__BRIEF__. Write all of the entries out again exactly, but not the images.

=== Begin Enclosure ===

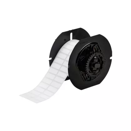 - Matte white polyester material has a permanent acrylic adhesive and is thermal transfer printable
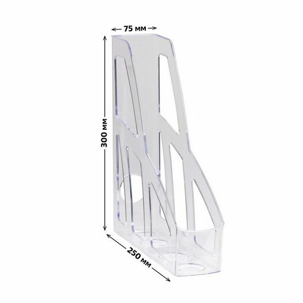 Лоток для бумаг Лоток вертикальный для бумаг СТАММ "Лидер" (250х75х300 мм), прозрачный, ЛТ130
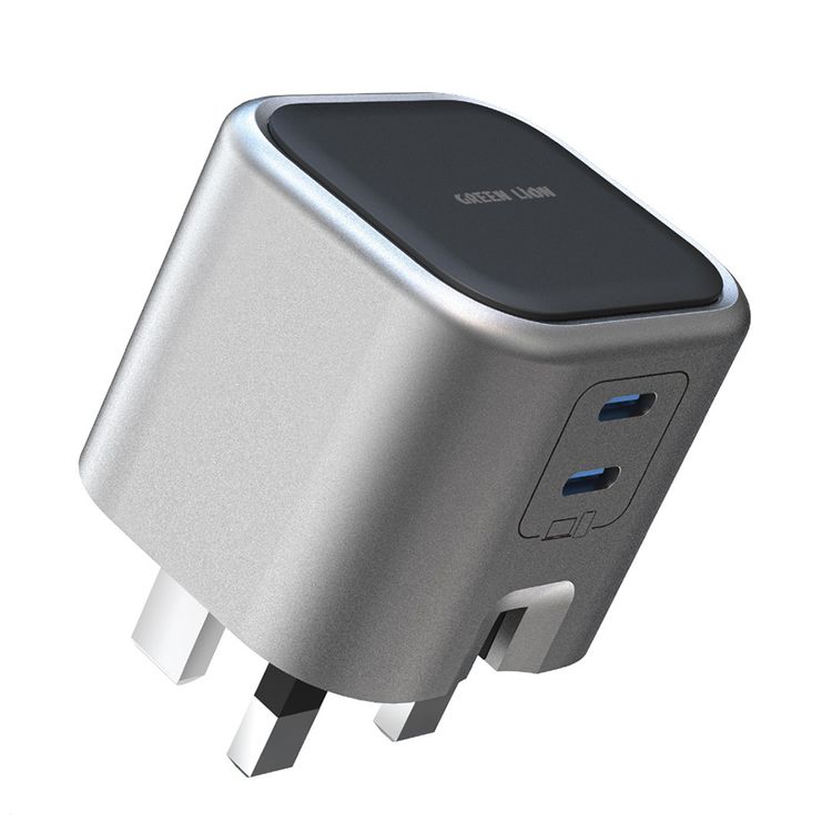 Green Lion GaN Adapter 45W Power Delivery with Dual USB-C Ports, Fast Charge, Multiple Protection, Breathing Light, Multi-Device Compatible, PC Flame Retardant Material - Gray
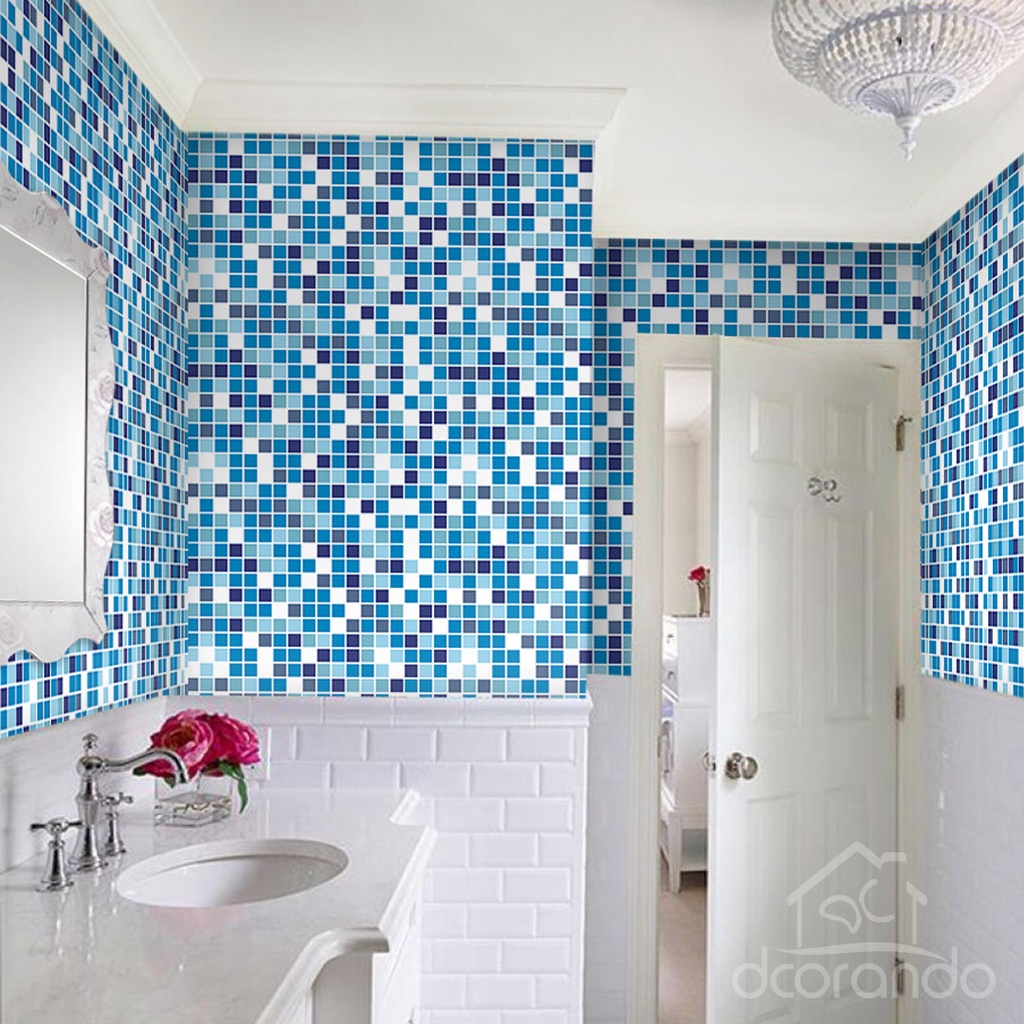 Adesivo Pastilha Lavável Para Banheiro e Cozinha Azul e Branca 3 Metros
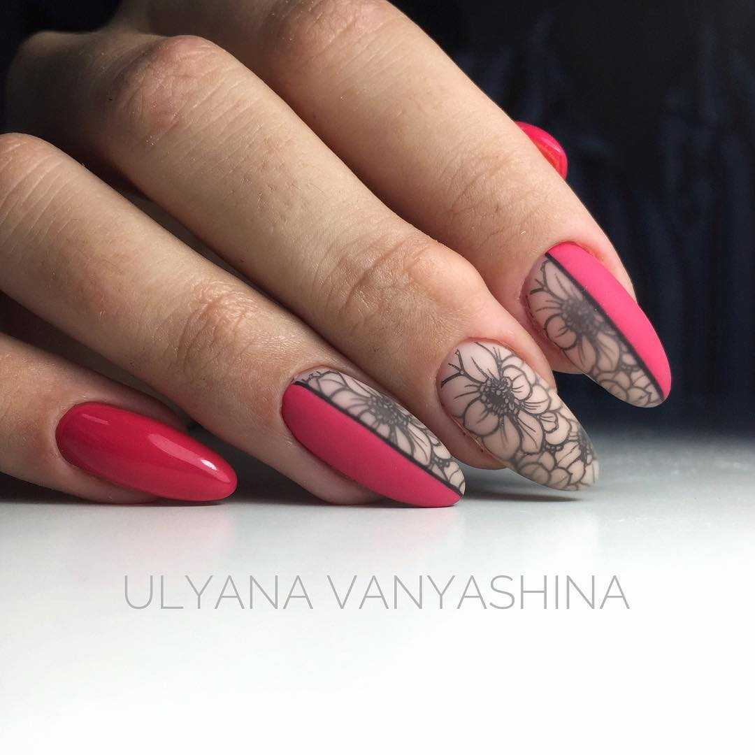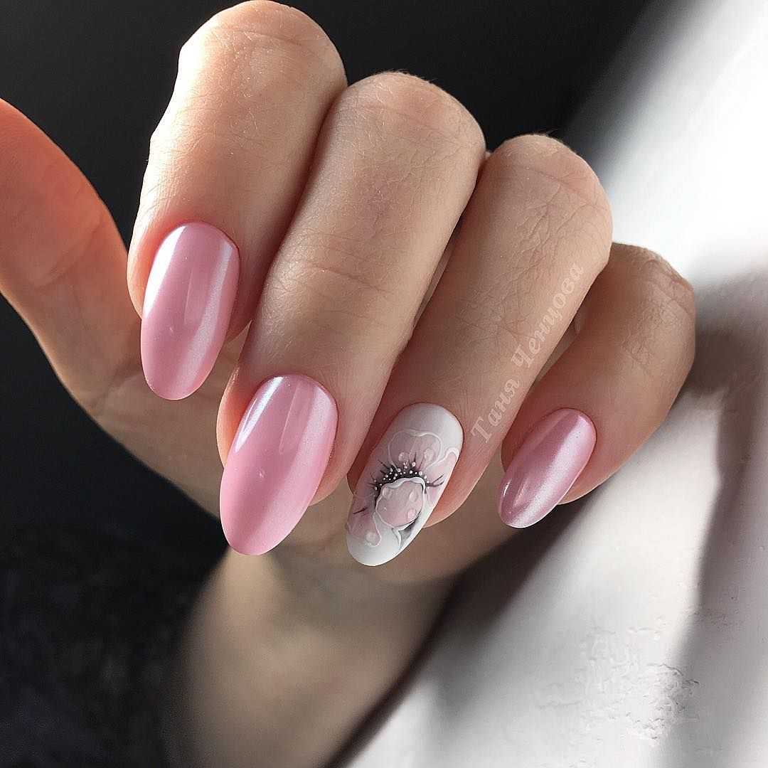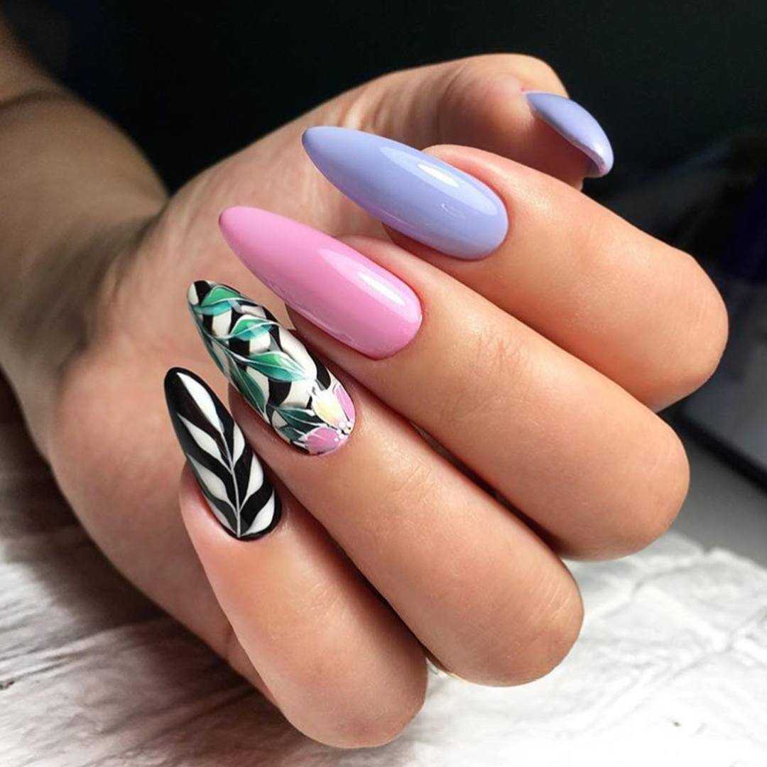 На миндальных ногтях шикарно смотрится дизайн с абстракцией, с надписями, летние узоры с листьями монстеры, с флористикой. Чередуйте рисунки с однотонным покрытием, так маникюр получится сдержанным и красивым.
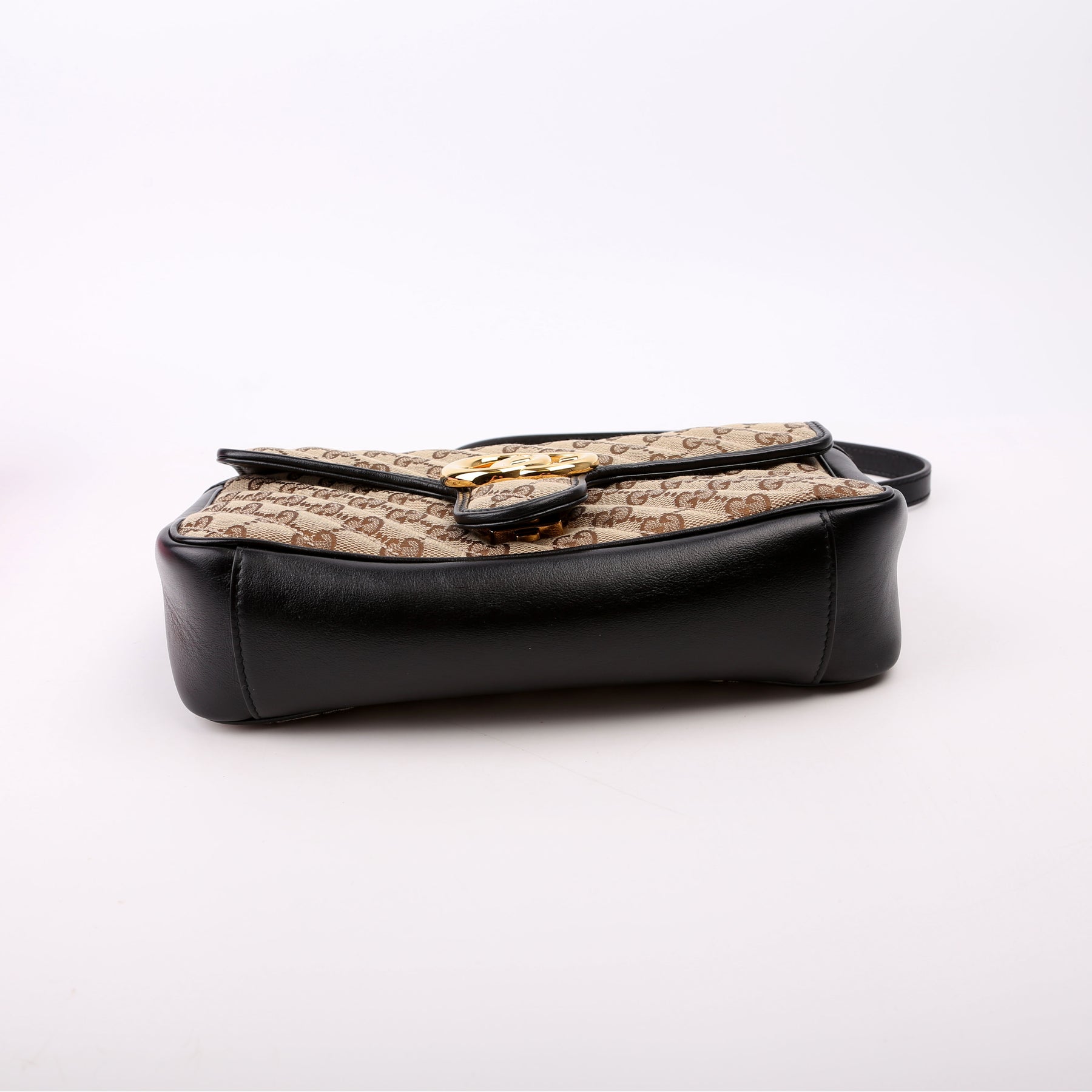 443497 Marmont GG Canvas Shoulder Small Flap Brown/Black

=== End Enclosure ===

__ANSWER BELOW__.
 - Matte white polyester material has a permanent acrylic adhesive and is thermal transfer printable
 Лоток для бумаг Лоток вертикальный для бумаг СТАММ "Лидер" (250х75х300 мм), прозрачный, ЛТ130
 Green Lion GaN Adapter 45W Power Delivery with Dual USB-C Ports, Fast Charge, Multiple Protection, Breathing Light, Multi-Device Compatible, PC Flame Retardant Material - Gray
 Adesivo Pastilha Lavável Para Banheiro e Cozinha Azul e Branca 3 Metros
 На миндальных ногтях шикарно смотрится дизайн с абстракцией, с надписями, летние узоры с листьями монстеры, с флористикой. Чередуйте рисунки с однотонным покрытием, так маникюр получится сдержанным и красивым.
 443497 Marmont GG Canvas Shoulder Small Flap Brown/Black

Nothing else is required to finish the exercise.